Grandview Medical Center on track to open in 2016

by

Photo by Jeff Thompson.

It’s been one year since the lights went green for Trinity on 280 — now officially Grandview Medical Center — and since then the project has kept its foot on the gas.

Trinity Medical CEO Keith Granger said Grandview Medical is on track to open during the first quarter of 2016. Construction on the campus has progressed rapidly, focusing largely on the parking deck and physicians’ building slated to accompany the main facility.

Granger said contractors Brasfield & Gorrie, working with A.G. Gaston Construction, targeted these two structures first because they would take the longest to complete. Brasfield & Gorrie served as general contractor on the hospital’s original construction more than 10 years ago.

“Construction has moved along exceptionally well,” Granger said. “Soon from Highway 280 you’ll be able to see some of the vertical appear for the new deck and building.”

On May 17, 2013, the Supreme Court of Alabama denied requests by Brookwood Medical Center and St. Vincent’s Hospital to continue arguments against Trinity Medical Center’s relocation. Construction on Grandview Medical began later that summer, Granger said, starting with excavation for the new parking deck.

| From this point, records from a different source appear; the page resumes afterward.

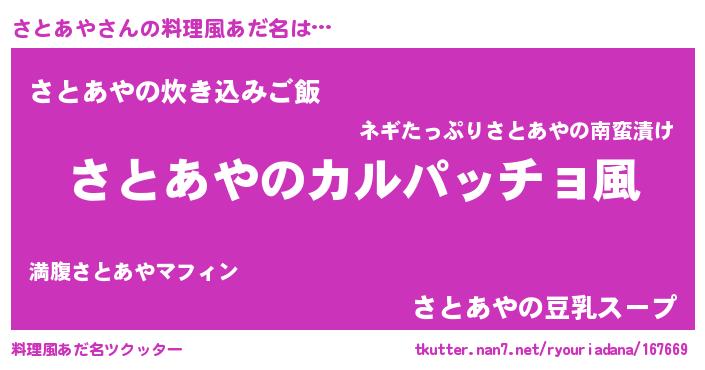 | 意味不明あだ名 | 『住所不定無職さとあや(47歳)』 |
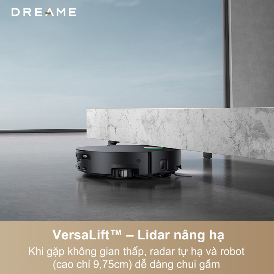 Robot hút bụi Dreame Aqua 10 Pro Track dễ dàng len lỏi vào các khu vực có độ cao hạn chế như gầm giường, gầm sofa hay dưới các vật dụng nội thất khác. Đó là nhờ vào hệ thống cảm biến nâng hạ VersaLift kết hợp công nghệ cảm biến DToF hiện đại.
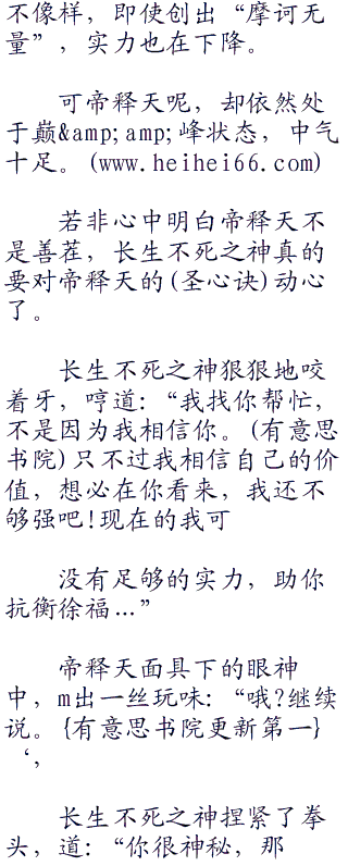 长生不死之神嘴角抽搐,心里咆哮,帝释天是故意的,绝对是故意的,明知道他最烦恼的就是只能长生不能不老,故意炫耀自己的长生不老!
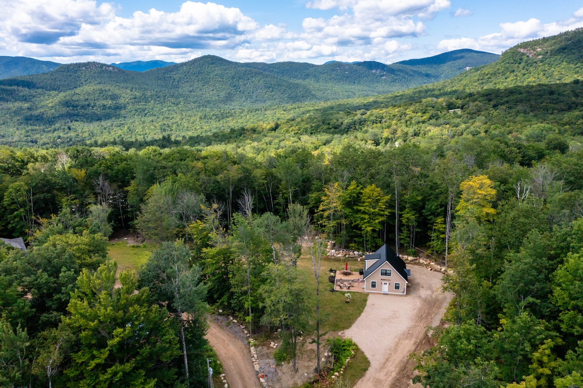 Pravljična koča v Hallmark-movieju. Brunarica s sodobnim udobjem, 9 postelj, medvedom. Zidarski ognjišče, zasebna plaža, 32 hektarjev prostoživečih živali. Poti do mokrišč, sprehodi ob reki. Smučanje, ribolov, pohodništvo, rečne cevi. Udoben štedilnik na drva, masažna kad ter sezonsko drsanje in odbojka. Pogled na smučišče West Mountain Uživajte na terasi in opazujte plešastega orla, ki leti mimo. Opažanja losov pri vhodnih vratih. Počutite se stran od vsega v Bretton Woodsu. Psi so dobrodošli!
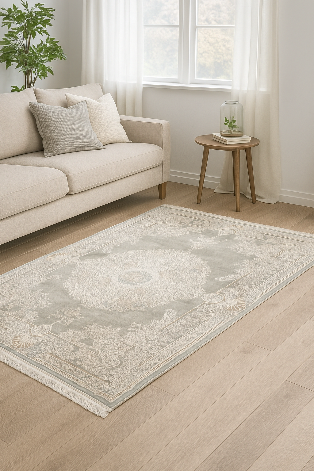 Novella Silverblom är en elegant matta med ett storslaget medaljongmönster som andas klassisk lyx. Den dämpade silvergröna botten skapar ett lugnt intryck medan den vita ornamentiken lyfter fram detaljrikedomen.

“Approximately 90,000 cubic yards of rock had to be removed — dynamited out,” Granger said. “Once that occurred, crews started pouring slabs for the foundation. They’re now approaching their fifth level of slab for the parking deck.”

Granger said from the back of the facility, passersby should be able to identify five levels of the new parking deck.

The primary hospital facility, of which a significant portion is ready for occupation, has seen only small amounts of work since Trinity Medical was given the go-ahead. Some patient rooms and parts of the intensive care unit are complete. However, much of the structure is only framed and will need extensive work. 

“The actual hospital construction will be more substantial in the coming months,” Granger said. “The timeline for the overall project required construction to focus first on the deck and physicians’ building.”

Granger said that while the target opening date is in the first quarter of 2016, he anticipates the hospital will be complete several months prior. During that window, Trinity Medical staff will prepare for the transition to the new facility by checking equipment, training employees and orienting staff with the new layout.

On other parts of the campus, Daniel Corp. continues its development of additional facilities, Granger said. Daniel Corp. indicated previously that its long-range plans for the complex included growing the campus to include hotels, retail and even a residential section over the next two decades.

The overall economic impact of fully developing the campus was estimated at more than $881 million according to a 2008 study by economist Keivan Deravi, a professor at Auburn University of Montgomery. Deravi predicted activities related to the first year of construction and operations are expected to generate approximately 4,000 jobs, $126 million in job earnings and more than $3.1 million in tax revenues.

Granger said there’s a buzz from 280 residents about Grandview Medical Center as construction continues, aided by the sight of tower cranes and workmen at the site.

“They can see the economic stimulus coming to life,” he said. “This is a real live project. It’s no longer something to talk about if it will happen, but when it will happen.”